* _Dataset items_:
Content starts
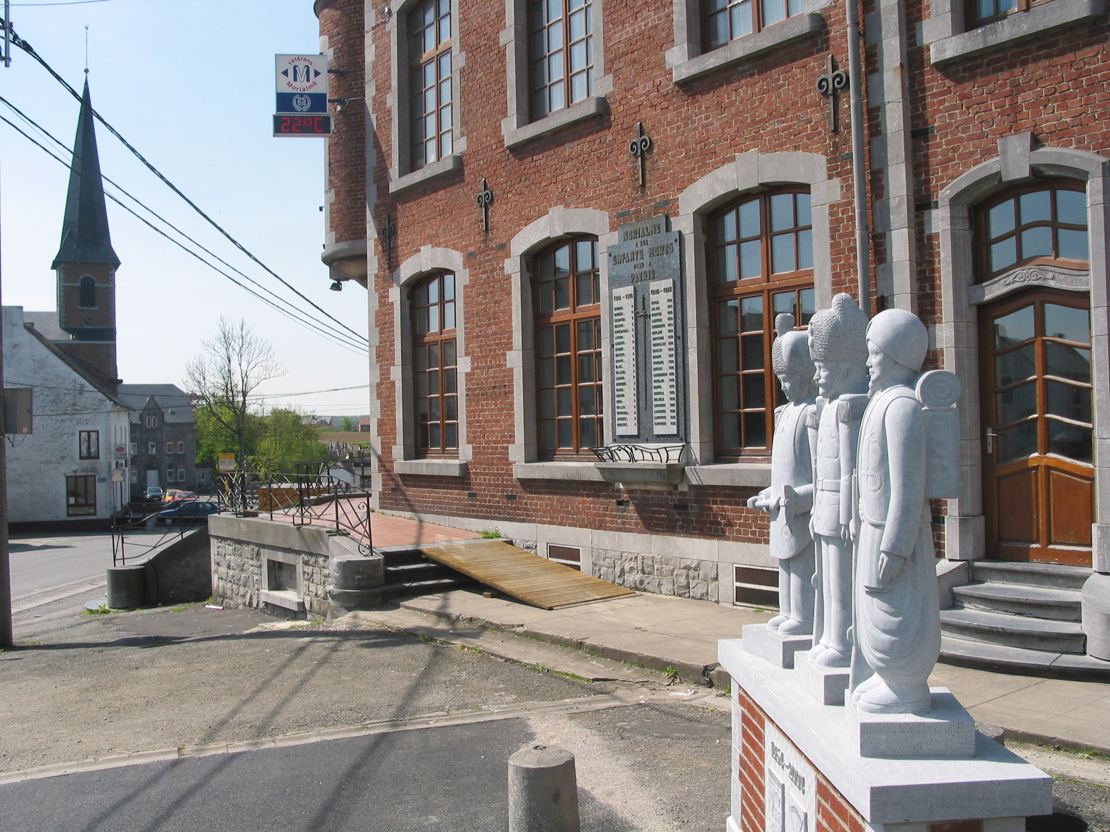 Morialmé (Belgium), «Marcheurs (walkers) » monument .
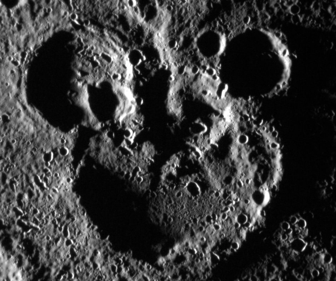 Picture of the Disney crater on Mercury
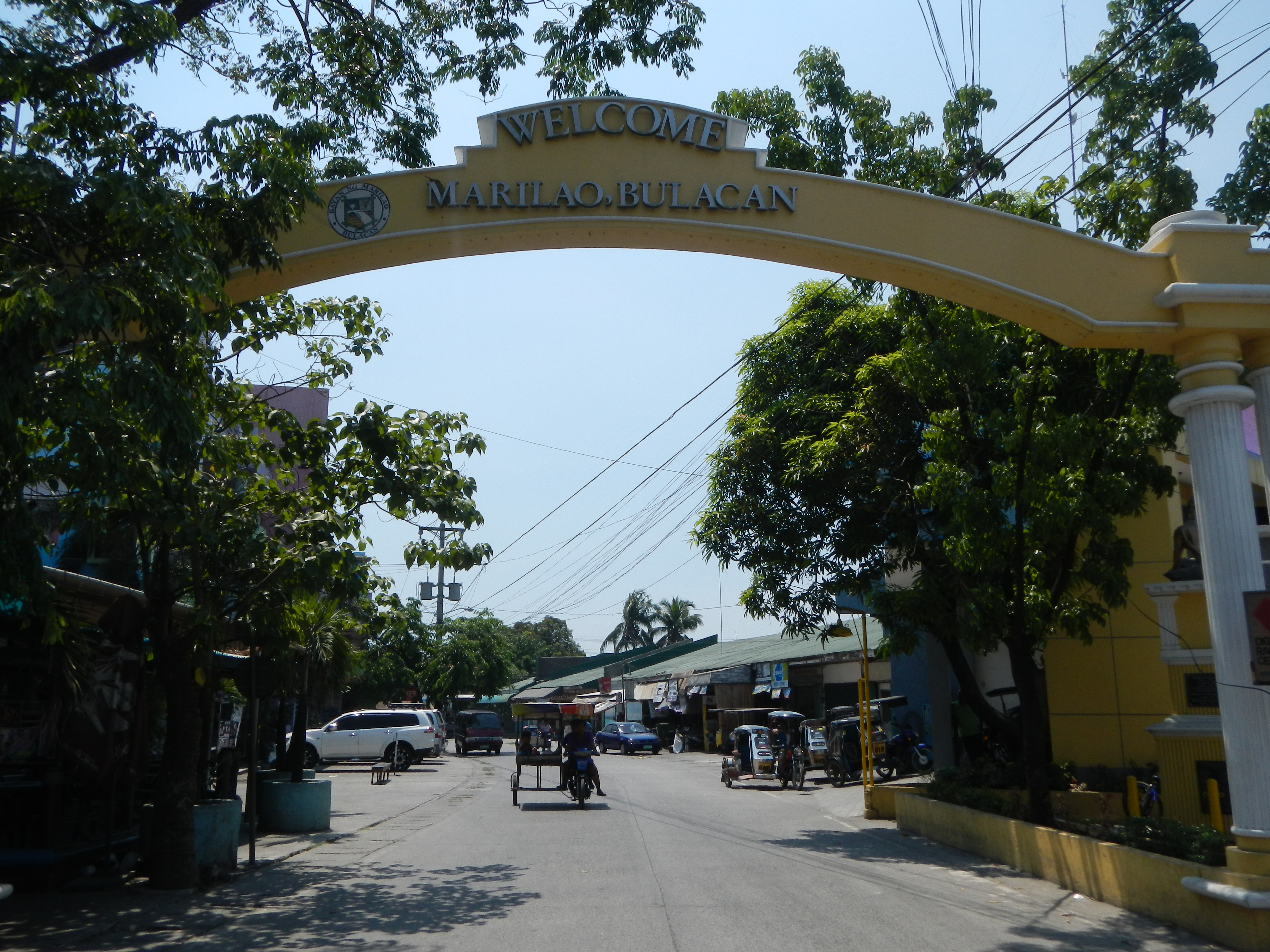 Marilao, Bulacan Welcome arch (along MacArthur Highway) is located along MacArthur Highway, in Barangay Ibayo, Marilao, Bulacan.
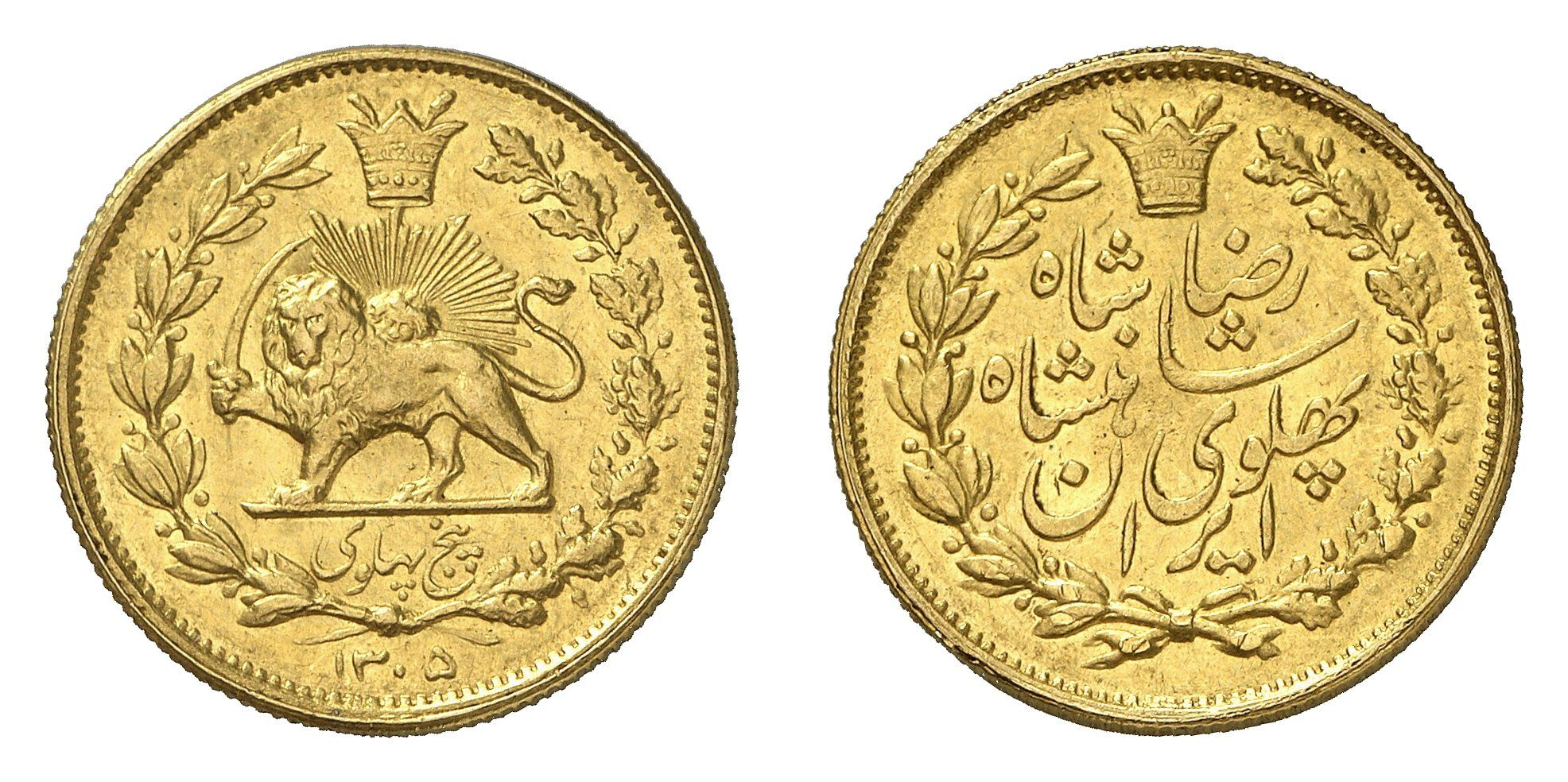 5 Pahlavi - Iranian Golden coin - 1926 Reza shah Pahlavi
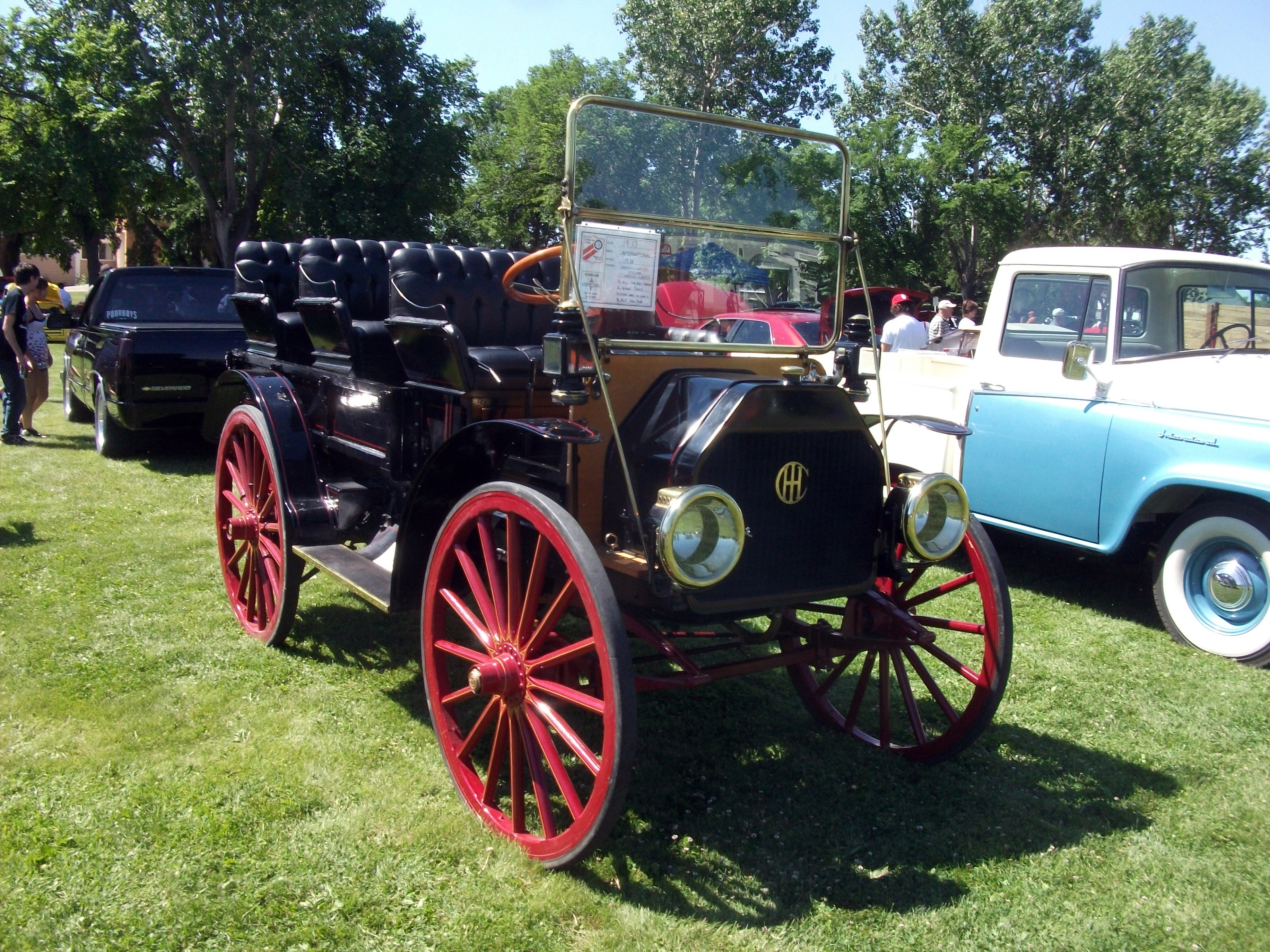 Fantastic old 1913 International MW. It is powered by a two cylinder engine.
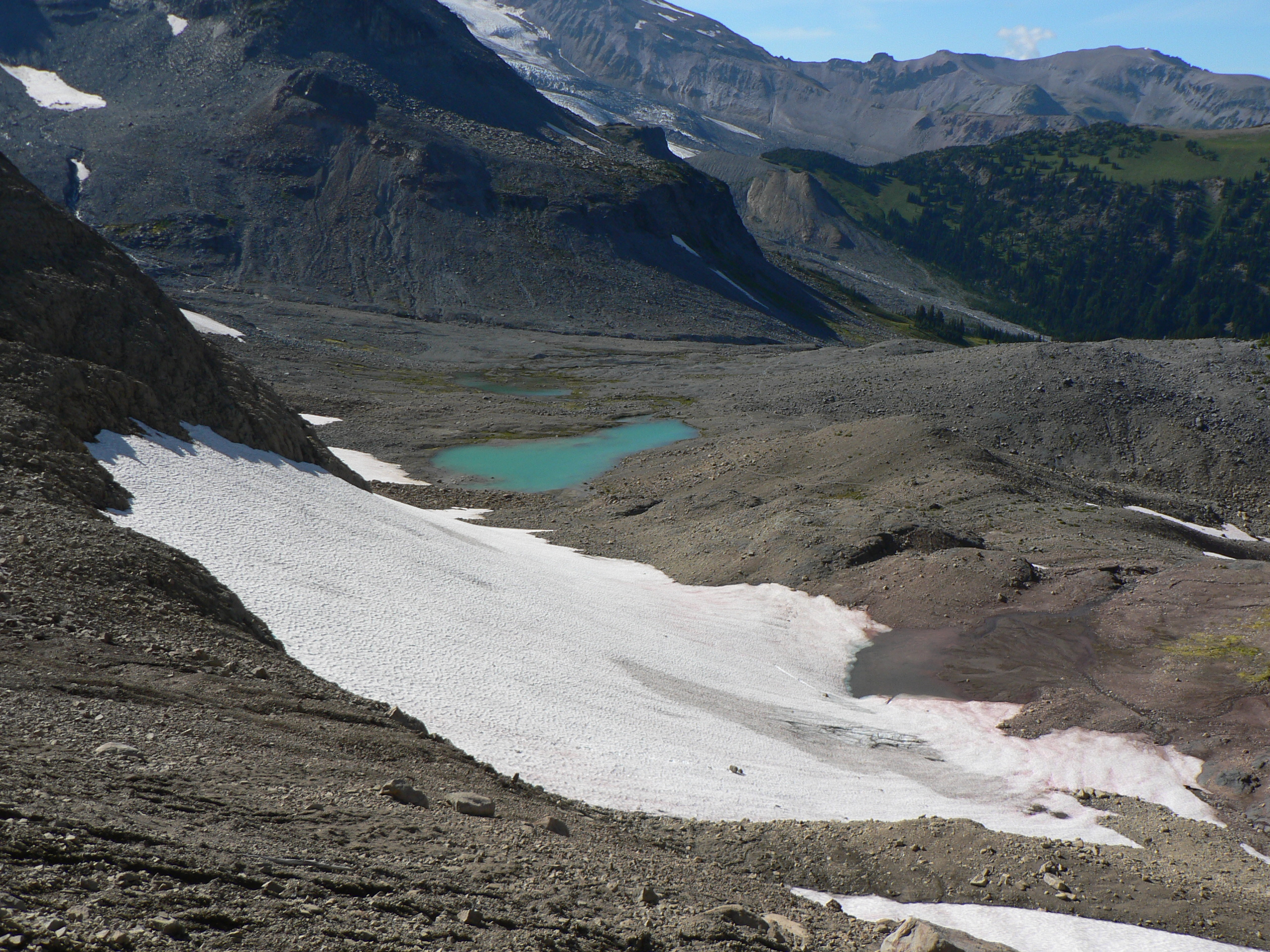 Tarn (6320 feet); snowfield (foreground); Meany Crest (behind tarn); Emmons Glacier (top); Third Burroughs Mountain (right skyline)
Content ends
* _PROBLEM_: Every line from the one containing "Marilao, Bulacan Welcome" to the final line of the records must be transcribed exactly, both ends included, with the pictures left out.

* _RESPONSE AREA_:
 Marilao, Bulacan Welcome arch (along MacArthur Highway) is located along MacArthur Highway, in Barangay Ibayo, Marilao, Bulacan.
 5 Pahlavi - Iranian Golden coin - 1926 Reza shah Pahlavi
 Fantastic old 1913 International MW. It is powered by a two cylinder engine.
 Tarn (6320 feet); snowfield (foreground); Meany Crest (behind tarn); Emmons Glacier (top); Third Burroughs Mountain (right skyline)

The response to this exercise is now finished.